Business for Scotland
- Formation: 2012
- Key people: Gordon MacIntyre-Kemp, Richard Arkless, Tony Banks, Councillor Niall John McLean, Graeme McCormick, Ian McDougall, Gillian O'Neill, Rob Aberdein, Jil Murphy, Donald Maclean, Kenny Anderson, Michelle Rodger, Michelle Thomson, David Cairns, Sandy Adam
- Website: businessforscotland.co.uk

= Business for Scotland =

Organization

Business for Scotland is a business network and business and economic policy think tank consisting of and representing business people who support Scottish independence.

==Formation==
Business for Scotland was founded by six Scottish business owners and directors, and generated over 250 members by word-of-mouth prior to the launch of its website. The organisation's membership had risen to 350 by the time of its official launch in May 2013, where it was publicly backed by Falklands War veteran and Scottish entrepreneur, Tony Banks. Business for Scotland membership at the time of the referendum was approximately 3,000.

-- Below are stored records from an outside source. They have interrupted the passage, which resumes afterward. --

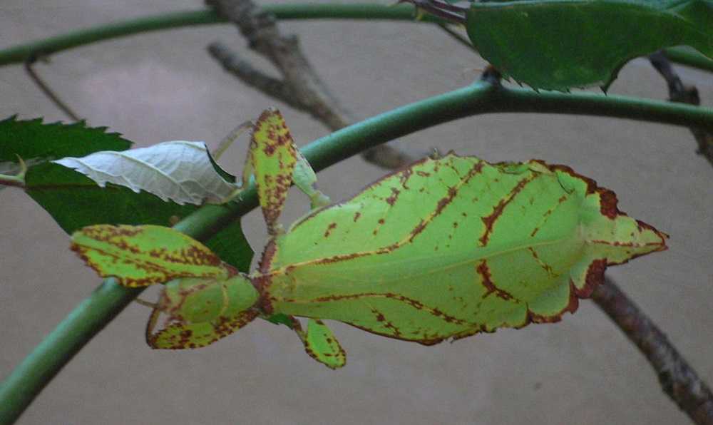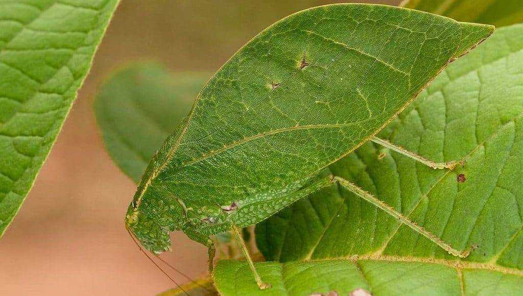 Выставляя напоказ свое название, это насекомое имеет тело, которое можно спутать с зеленым листом, поскольку и его тело, и ноги имеют форму, аналогичную формам листьев деревьев или кустарников. Эта уникальная деталь позволяет им без проблем маскироваться среди зелени.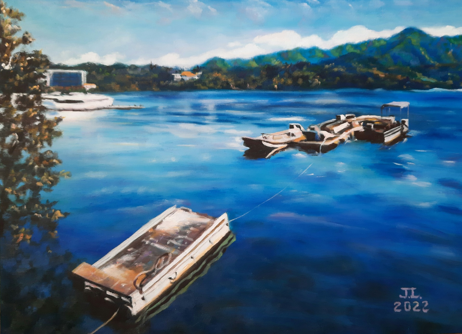 這是我取材自日月潭環湖步道的景色. 兩葉輕舟的一端固定於岸邊, 形同一座穩定的錨. 中間緊緊相繫的繩索, 好像母親與嬰兒的臍帶, 親情的關係一輩子環繞. 又像天父愛祂的孩子一樣, 雖然有時候那條線細小到幾乎看不到, 卻仍都存在. 當回首來時路, "牽引" 已然成為一種不可或缺的力量.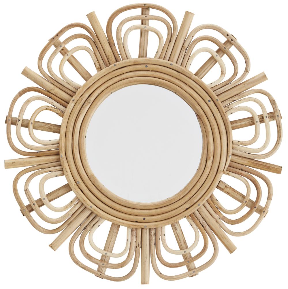 Mache diesen wunderschönen Spiegel von Madam Stoltz zu einem auffälligen Einrichtungsdetail in deinem Zuhause. Die besondere Form ist einer Blume nachempfunden, was diesem Wandspiegel, zusammen mit dem Bambusrahmen, eine stilvolle und unkonventionelle Optik verleiht. Der Spiegel hat einen Durchmesser von 45 cm. Der Spiegel ist handgefertigt und aus natürlichen Materialien hergestellt, was bedeutet, dass jeder einzelne Artikel im Aussehen leicht variieren kann.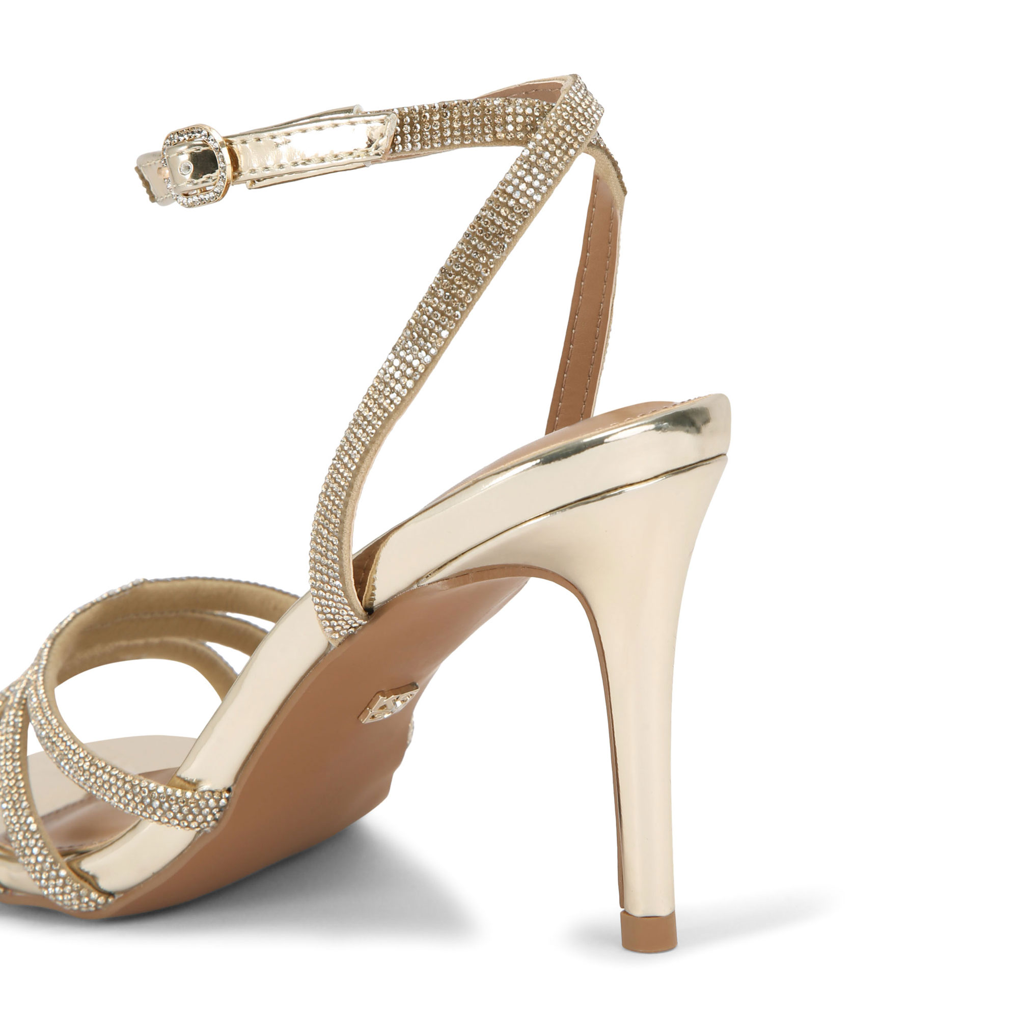 - Gold straps across the upper, small gold-tone buckle fastening on the ankle straps, heeled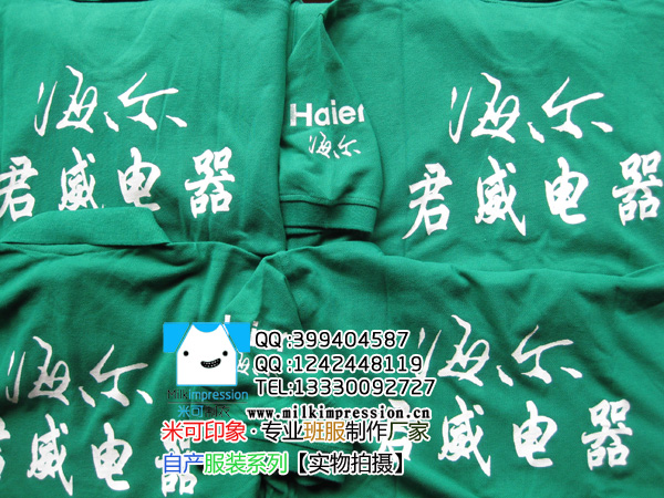 简介:海尔集团为庆祝君威电器定做的团体服,用深绿色珠地棉材质的高档翻领polo衫做底衫,印制海尔的企业logo。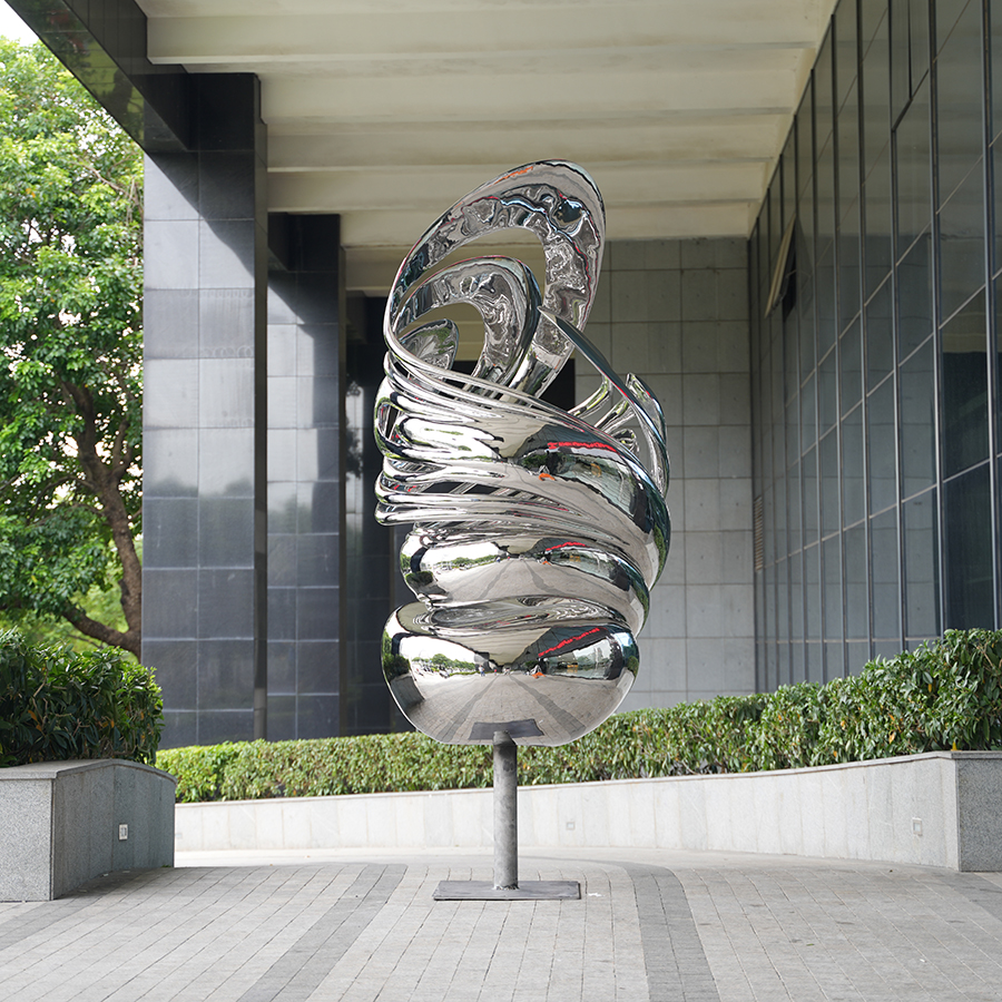 This 2.5-meter high stainless steel abstract sculpture features a dynamic, ribbon-like form with a striking mirror-polished finish. Its twisting and layered design creates a sense of movement and fluidity, reflecting light and surroundings in captivating ways. Crafted from high-quality stainless steel, this monumental artwork is both durable and visually impactful, making it perfect for outdoor plazas, corporate entrances, luxury hotels, and modern public spaces.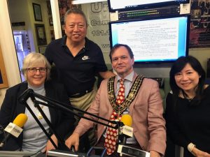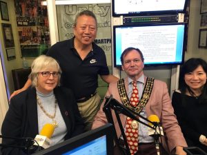 Councillor Peter Baillie the 797th Mayor of Southampton on and Mayoress Kim Baillie came to Unity 101 Studio and chatted to Andy Lia and Vicky Chang on the Under the Same Sky radio programme on Monday 4th November .

== Prominent business people ==
Tony Banks (Balhousie Care Group), Graeme McCormick (Conveyancing Direct), Ian McDougall (McDougall Johnstone/ The Glasgow Distillery), Gillian O'Neill (29 Studios), Rob Aberdein (Walker Morris), Jil Murphy (Thin Red Line/ Head of BfS Edinburgh), Donald Maclean (Business Cost Consultants), Kenny Anderson (Anderson Construction), David Cairns (PrismTech/ Head of BfS Perth), Sandy Adam (Springfield Properties), Brian Souter (Souter Investments). Jim Mather, who was a member of the Scottish Parliament for the Scottish National Party (SNP) between 2003 and 2011, and served as Minister for Enterprise, Energy and Tourism under the 2007-11 SNP government, was a director at the organisation. Michelle Rodger died in August 2021 having been Head of BfS Glasgow.

==Scottish referendum==
Business for Scotland Ltd registered with the Electoral Commission as a "permitted participant" on the Yes side in the 2014 Scottish independence referendum. It spent £143,027 campaigning at the independence referendum making it the largest spender of all the registered participant groups. After the referendum it was revealed that Business for Scotland received a £100,000 donation from Stagecoach founder Brian Souter.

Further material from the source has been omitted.